# BRIEF:
Pictures in the entries below are excluded; copy only the lines from the one containing "Subject: Immediate recusal" to the one containing "Geometry: Offset = W", both included.

# INPUT:
● ● ● ●

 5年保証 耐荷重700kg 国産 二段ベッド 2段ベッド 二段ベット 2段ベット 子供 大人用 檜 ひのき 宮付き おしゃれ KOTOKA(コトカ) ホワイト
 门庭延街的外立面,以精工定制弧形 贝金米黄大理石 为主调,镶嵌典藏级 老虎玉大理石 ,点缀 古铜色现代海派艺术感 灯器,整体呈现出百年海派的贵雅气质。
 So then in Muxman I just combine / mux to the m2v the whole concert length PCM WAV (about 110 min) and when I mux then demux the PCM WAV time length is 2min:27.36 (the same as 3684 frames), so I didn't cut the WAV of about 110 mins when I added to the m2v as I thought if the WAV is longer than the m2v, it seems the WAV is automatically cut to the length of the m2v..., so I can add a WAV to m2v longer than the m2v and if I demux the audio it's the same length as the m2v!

● ● ● ●

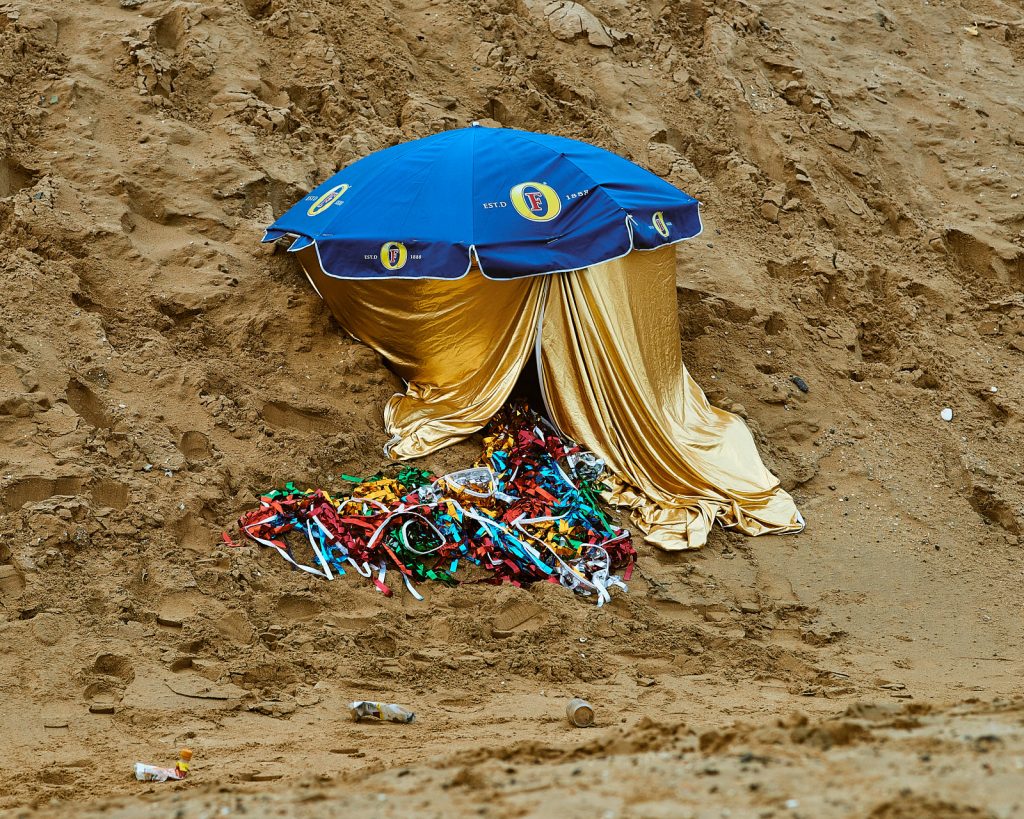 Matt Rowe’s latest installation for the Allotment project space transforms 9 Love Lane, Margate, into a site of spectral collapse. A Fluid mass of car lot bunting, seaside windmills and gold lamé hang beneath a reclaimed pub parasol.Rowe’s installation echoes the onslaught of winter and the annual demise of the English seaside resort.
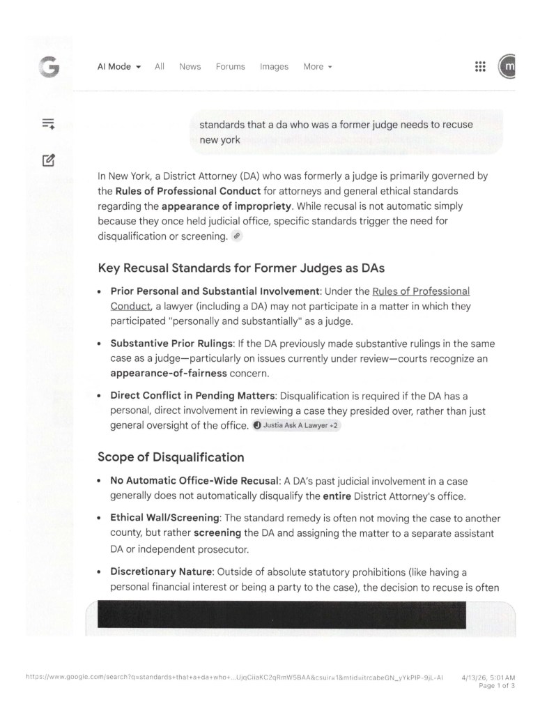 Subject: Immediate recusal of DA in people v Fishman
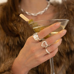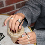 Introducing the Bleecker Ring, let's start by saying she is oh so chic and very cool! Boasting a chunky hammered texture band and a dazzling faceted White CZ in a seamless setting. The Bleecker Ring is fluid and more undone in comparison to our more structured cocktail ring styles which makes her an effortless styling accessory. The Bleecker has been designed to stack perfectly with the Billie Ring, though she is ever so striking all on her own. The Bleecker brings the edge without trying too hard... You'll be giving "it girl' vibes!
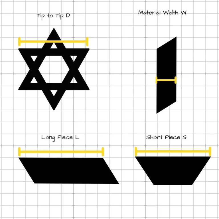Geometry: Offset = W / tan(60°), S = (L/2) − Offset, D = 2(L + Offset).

● ● ● ●

# ANSWER:
 Subject: Immediate recusal of DA in people v Fishman
 Introducing the Bleecker Ring, let's start by saying she is oh so chic and very cool! Boasting a chunky hammered texture band and a dazzling faceted White CZ in a seamless setting. The Bleecker Ring is fluid and more undone in comparison to our more structured cocktail ring styles which makes her an effortless styling accessory. The Bleecker has been designed to stack perfectly with the Billie Ring, though she is ever so striking all on her own. The Bleecker brings the edge without trying too hard... You'll be giving "it girl' vibes!
Geometry: Offset = W / tan(60°), S = (L/2) − Offset, D = 2(L + Offset).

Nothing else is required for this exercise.